SQL Server: Why is SELECT on case insensitive column faster than on case sensitive?

1.9k views Asked by At

I use SQL Server 2016 Express and a Java application with JDBC driver version 4.2.

My database has a collation of Latin1_General_CI_AS (case insensitive). My table has a column of type VARCHAR(128) NOT NULL. There is an unique index on that column.

My test scenario is as follows:

After inserting 150000 strings of 48 characters length I do 200 selects of randomly chosen, existing strings. I measure the total execution time of all queries.

Then I drop the index, alter the table to change the columns collation to Latin1_General_CS_AS (case sensitive) and create the unique index again.
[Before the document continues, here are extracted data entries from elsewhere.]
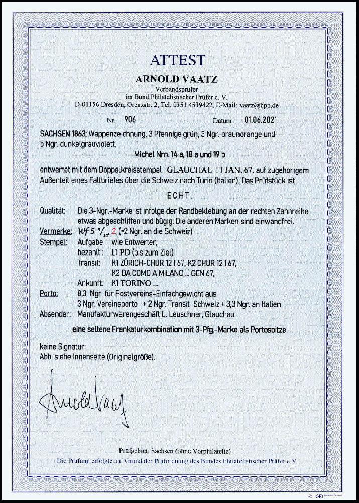 | Zusatzinformationen und Suchstichworte: | Rauhut & Kruschel - 212. Auktion Auktionstermin: 30. Juli 2022 Los 1474 Altdeutschland Sachsen 3 Pfg. grün nebst 3 Ngr. braunorange und 5 Ngr. dunkelgrauviolett auf Faltbrief in der 2. Gewichtsstufe nach Turin, K2 "Glauchau" (3 Ngr. Zhg. oben min. bestoßen). Seltene Frankatur-Kombination mit der 3-Pfg.-Marke als Portospitze, Fotoattest Vaatz Ausruf 700,00 EUR |
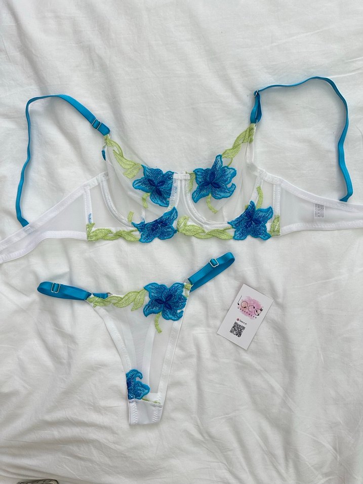 Nakışlı çiçek desenli, ayarlanabilir askılı, pastel mavi renkli bohem ve Paris tarzı kısa uzunlukta sütyen.
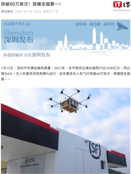據“深圳發布”官方公眾號消息,深圳市交通運輸局昨日透露,2023 年深圳市物流業增加值預計達 3500 億元,同比增長 6%。無人機載貨實現規模化運行,全年載貨無人機飛行突破 60 萬架次,規模居全國第一。
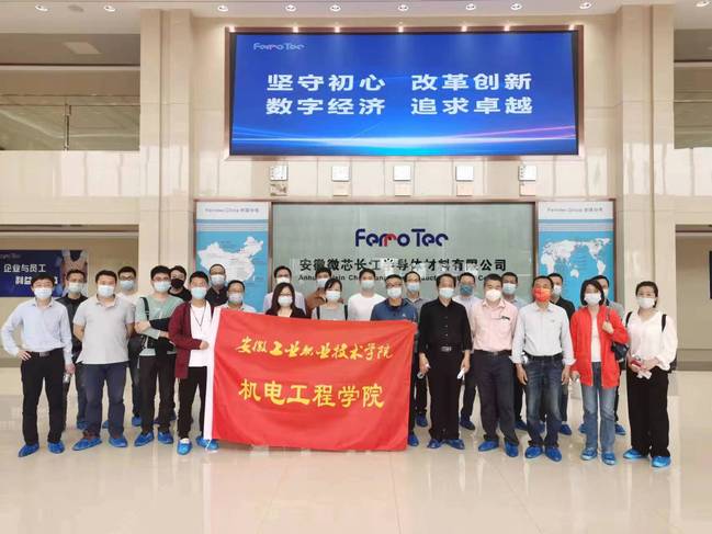 考察团此行先后走进安徽微芯长江半导体材料有限公司、铜陵碁明半导体技术有限公司、安徽美芯新材料有限公司实地参观。在企业负责人的带领下,大家参观了企业的生产车间、主打产品及生产流程等基本情况。通过现场讲解及近距离参观,教职工看到了生产设备、工艺流程、现代化的生产线、全电脑化的操控等。亲身感受到了企业员工扎实、严谨的工作态度和一丝不苟的工作作风。在参观过程中,老师们认真观摩,积极提问,讲解负责人结合相关专业知识进行一一解答。
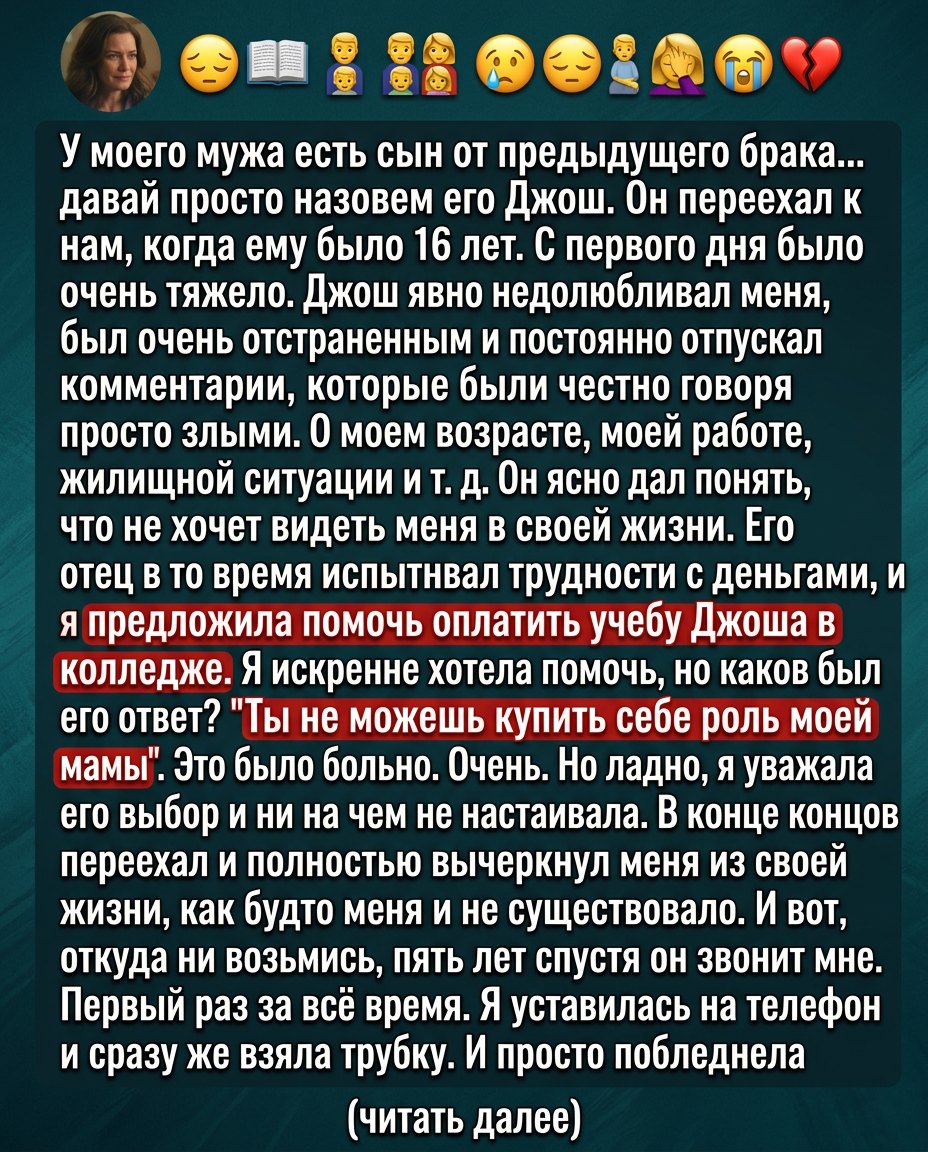 С первого дня он ясно дал понять, что мне не рады в его понимании «семьи». Если я предлагала посмотреть фильм всем вместе, он громко вздыхал и исчезал в своей комнате. Если я готовила что-то, что он раньше любил, он отодвигал тарелку и бормотал: «Мама никогда так не готовила».

Then 200 selects take in total more time.

In both cases (CI and CS) the execution plans are simple and identical (search by using the index).

The query execution time not only depends on case sensitivity. With collation CS it grows faster if the strings have identical prefixes. Here are my results (execution time in seconds):

+----+---------+------------------+-------------------+-------------------+
|    + RND(48) + CONST(3)+RND(45) + CONST(10)+RND(38) + CONST(20)+RND(28) +
+----+---------+------------------+-------------------+-------------------+
| CI +       6 +                6 +                 7 +                 9 +
| CS +      10 +               20 +                45 +                78 +
+----+---------+------------------+-------------------+-------------------+

The longer the identical prefix of the random strings is the more time the case sensitive queries take.

  1. Why is the search on case insensitive column faster than on case sensitive column?
  2. What is the reason for the identical prefix behavior?
1

There are 1 answers

1
Lee James On

The reason is because your SQL installation (I am guessing) was done with CI collation. This means your tempdb and master databases are using CI and currently so is your own database. Therefore, even though you changed your character column to be CS, when it is used in tempdb for sorting/merging operations, that is executed in a CI context. To get an accurate comparison, you need to change your installation collation to be CS or make these comparisons side by side on different SQL instances - one using CS and one using CI.